What is the proper basis for appealing a criminal conviction?

| Jan 14, 2015 | Civil Appeals

New Jersey residents may wish to know more about how they can appeal a criminal conviction. Depending on the specific facts of the case, there could be grounds for overturning the verdict.

Because the U.S. court system has a preference for respecting the decisions of a lower court, it can be difficult to overturn those verdicts through appeals. There are only two major types of errors that allow a person to appeal. The first is when the lower court made a clear mistake regarding the law. The second situation is where the evidence shown did not support the final verdict in the trial.

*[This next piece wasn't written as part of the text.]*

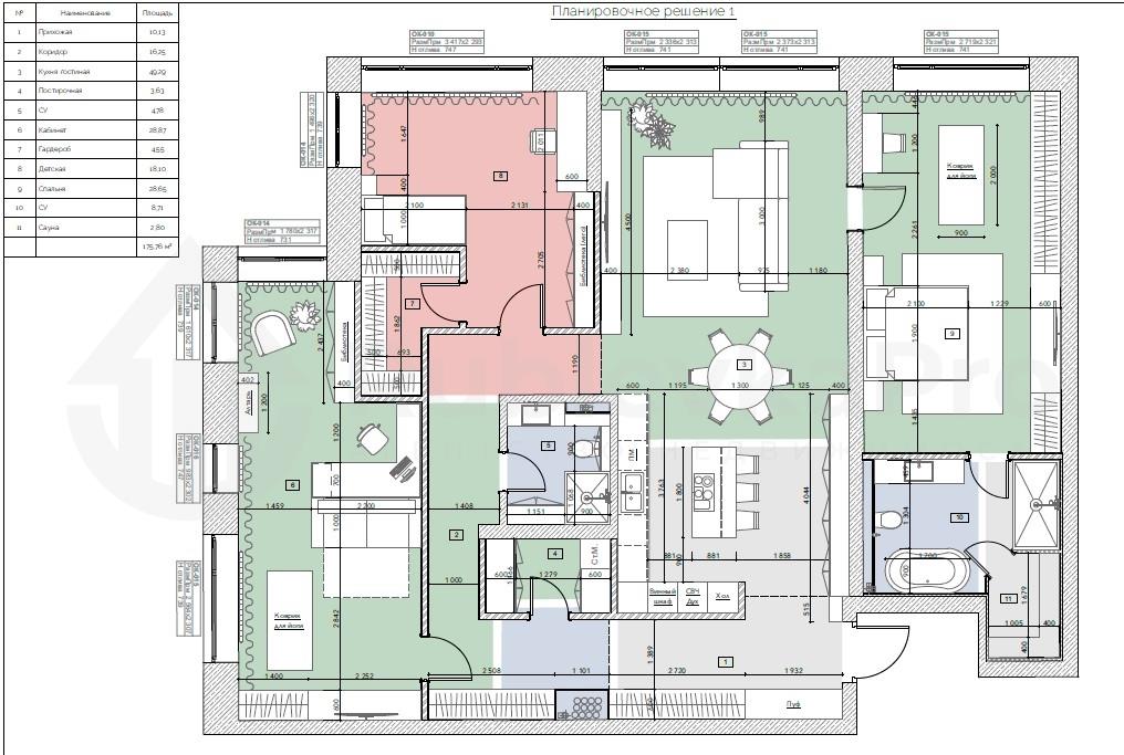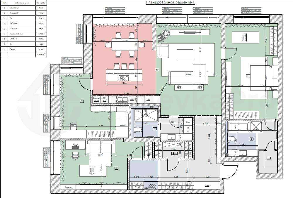 общая 180 м2, жилая 0 м2, кухни 30 м2 |

When the error of law made in the trial seriously affects the rights of the defendant, this could be the basis for appealing the verdict. Generally, it does not matter whether or not the court was given notice of the error during the trial. This first type of error is easier to prove than the second. Due to the fact that an appellate court will not hear new witness testimony, the appealing party may have difficulty in showing that the evidence was insufficient. The appellate court will, however, read over transcripts and other trial documents. The error must be large enough that it is obvious from looking at these materials.

Most importantly, the error present in the original trial must be significant enough to have made an impact in the case. Such errors in the case will not be grounds for an appeal of the verdict.

Every person’s specific situation has different facts, so this article should not be seen as specific legal advice. An attorney with experience in appeals may be able to help assess the situation and determine the appropriate course of action. They may also be able to represent the person throughout the appeals process.